Alba is a solitary child who enjoys playing make-believe in the basement of the house and painting the walls of her room. Blanca has become very poor since leaving Jean de Satigny's house, getting a small income out of selling pottery and giving pottery classes to mentally ill children, and is once again dating Pedro Tercero, now a revolutionary singer/songwriter. Alba and Pedro are fond of each other, but do not know they are father and daughter, although Pedro suspects this. Alba is also fond of her uncles. Nicolás is eventually kicked out by his father, supposedly moving to North America.

When she is older, Alba attends a local college where she meets Miguel, now a grown man, and becomes his lover. Miguel is a revolutionary, and out of love for him, Alba involves herself in student protests against the conservative government. After the victory of the People's Party (a socialist movement), Alba celebrates with Miguel.

Fearing a Communist dictatorship, Esteban Trueba and his fellow politicians plan a military coup of the socialist government. However, when the military coup is set into action, the military men relish their power and grow out of control. Esteban's son Jaime is killed by power-driven soldiers along with other supporters of the government. After the coup, people are regularly kidnapped and tortured. Esteban helps Blanca and Pedro Tercero flee to Canada, where the couple finally find their happiness.

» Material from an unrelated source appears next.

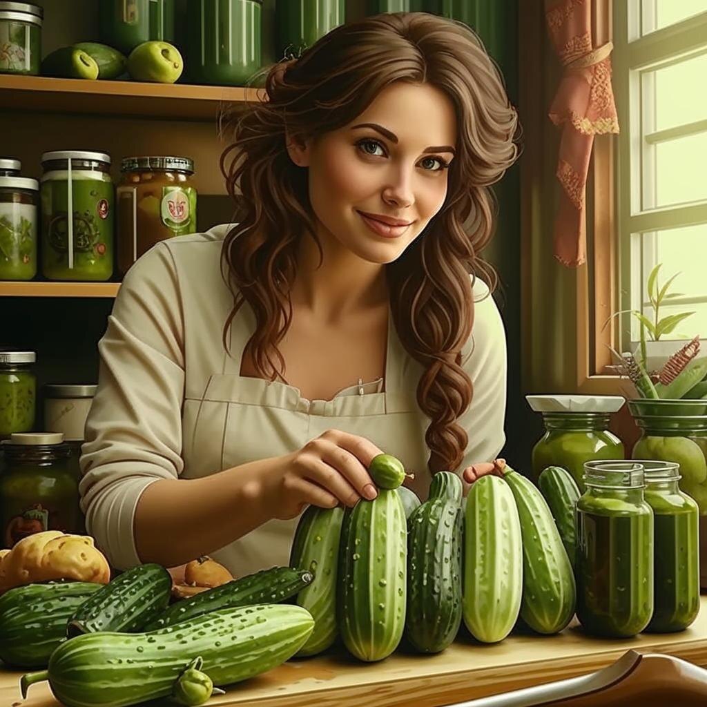В небольшом, но уютном городке, где летние вечера были наполнены ароматом свежескошенной травы и звуками щебетания птиц, жила тётушка Оксана. Она славилась своим кулинарным мастерством и особенно — волшебными солеными огурцами. Все соседи знали, что именно её огурцы способны сделать любой праздник особенным. Каждое лето, когда солнце начинало щекотать землю, тётушка Оксана принималась за своё любимое дело. Она с любовью выбирала самые сочные и крепкие огурцы на рынке, выбирая только те, что светились зеленью и обещали хрусткость. Затем она отправлялась домой, где её маленькая, но уютная кухня наполнялась волшебством. Пока она мыла огурцы, её руки танцевали в ритме музыки, звучащей из старого радиоприемника. Тётушка Оксана знала, что для приготовления настоящих волшебных огурцов нужно не только мастерство, но и немного магии. Она всегда говорила: «Чтобы соленья получились вкусными, нужно добавлять щепотку любви». Тётушка начинала с того, что тщательно подготавливала специи. Чеснок,

The military regime attempts to eliminate all traces of opposition and eventually comes for Alba. She is made the prisoner of Colonel Esteban García, the son of Esteban Trueba's and Pancha Garcia's illegitimate son, and hence the grandson of Esteban Trueba. During an earlier visit to the Trueba house, García had molested Alba as a child. In pure hatred of her privileged life and eventual inheritance, García tortures Alba repeatedly, looking for information on Miguel. He rapes her, thus completing the cycle that Esteban Trueba put into motion when he raped Pancha García. When Alba loses her will to live, she is visited by Clara's spirit who tells her not to wish for death, since it can easily come, but to wish to live. She becomes to write down her family's story in her mind.

García, fearful of his growing attachment to Alba, discards her. Esteban Trueba manages to free Alba with the help of Miguel and Tránsito Soto, his old friend and the brothel madam. After helping Alba write their memoir, Esteban Trueba dies in the arms of Alba, accompanied by Clara's spirit; he is smiling, having avoided Férula's prophecy that he will die like a dog. Alba is pregnant, though whether the child is Miguel's or the product of her rape is unknown. Alba embraces this ambiguity, however, loving her unborn child as above all, it is her own. Alba resolves that she will not seek vengeance on those who have injured her, choosing to believe in the hope that one day the human cycle of hate and revenge will be broken. Alba is revealed to be the narrator of the novel, which she writes while she waits for Miguel and for the birth of her child.